#### SOURCE MATERIAL

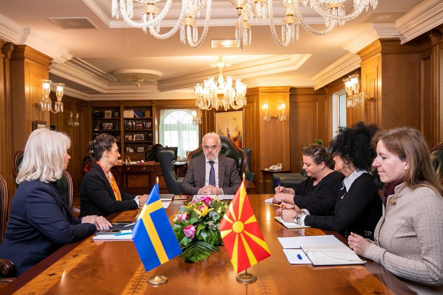 На средбата со амбасадорката на Кралството Шведска, Ами Ларсон Џеин упатив честитки за членството на Шведска во НАТО и до мојот колега Кристерсон и до сите граѓани на Шведска. Како сојузници ќе продолжиме да работиме кон зацврстување и проширување на нашето заедничко евроатлантско семејство, бидејќи заедно сме посилни.
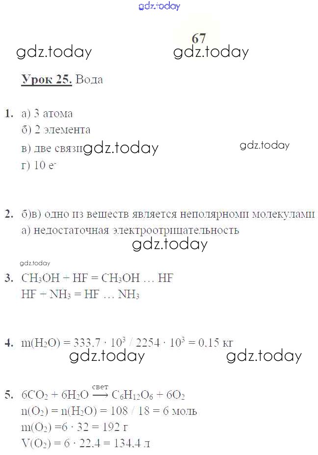 На страницах сайта gdz.today вы найдете учебный и вспомогательный материал, направленный на улучшения знаний школьной программы. ГДЗ - онлайн мир знаний Решение к уроку 25. Вода стр.67 Рабочей тетради по Химии для 9 класса Микитюк Дрофа УМК 2014
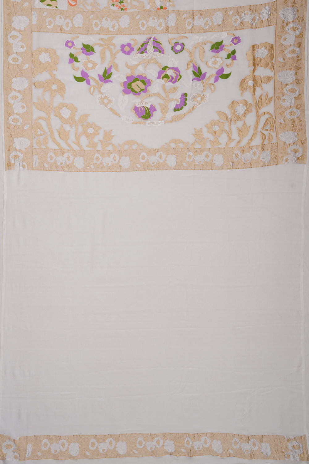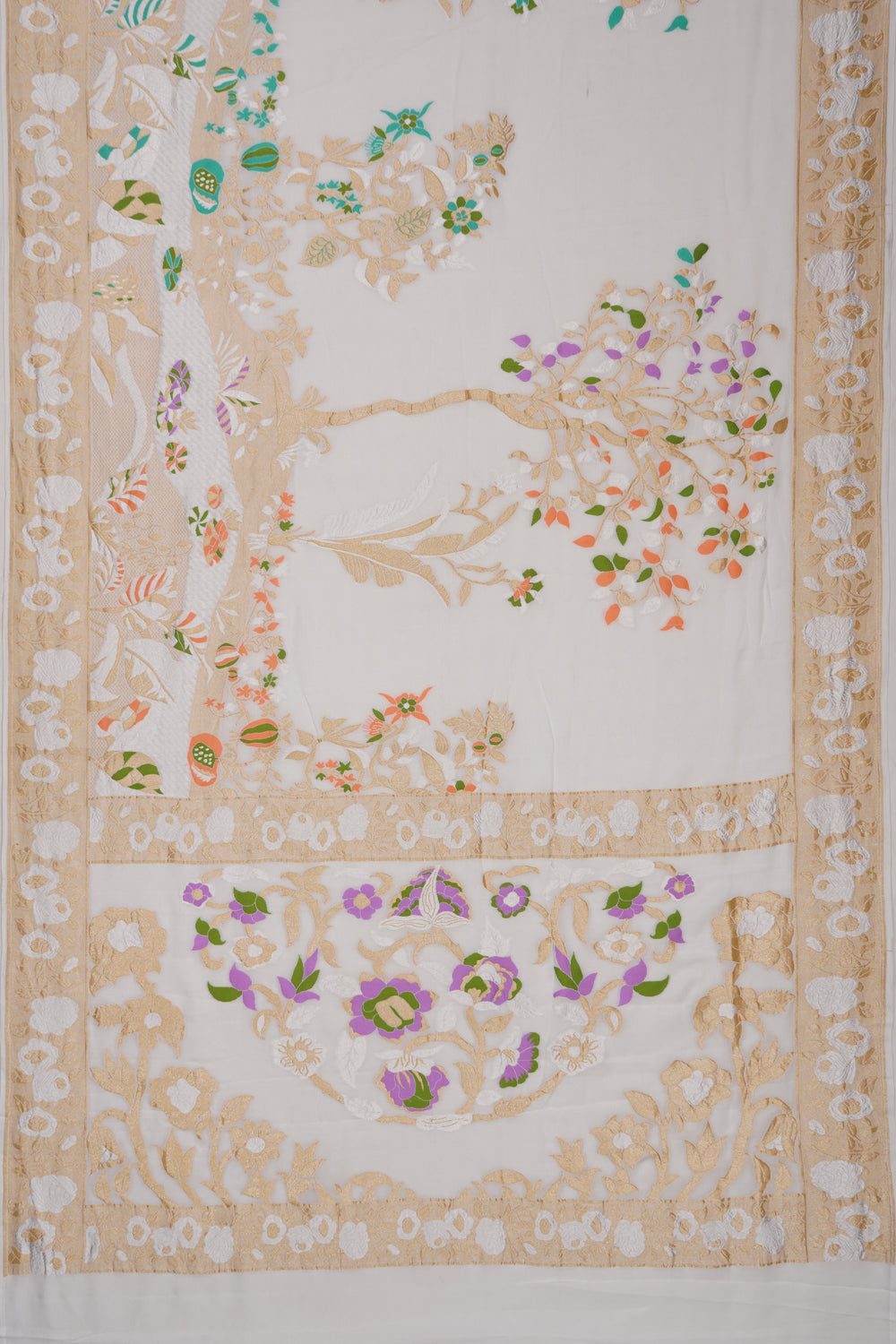 This saree features a self-border embellished with gold and silver zari floral vines, adding a subtle yet sophisticated touch

#### TASK ITEM
Print the material word for word without images.

#### RESULT OF THIS TASK
 На средбата со амбасадорката на Кралството Шведска, Ами Ларсон Џеин упатив честитки за членството на Шведска во НАТО и до мојот колега Кристерсон и до сите граѓани на Шведска. Како сојузници ќе продолжиме да работиме кон зацврстување и проширување на нашето заедничко евроатлантско семејство, бидејќи заедно сме посилни.
 На страницах сайта gdz.today вы найдете учебный и вспомогательный материал, направленный на улучшения знаний школьной программы. ГДЗ - онлайн мир знаний Решение к уроку 25. Вода стр.67 Рабочей тетради по Химии для 9 класса Микитюк Дрофа УМК 2014
 This saree features a self-border embellished with gold and silver zari floral vines, adding a subtle yet sophisticated touch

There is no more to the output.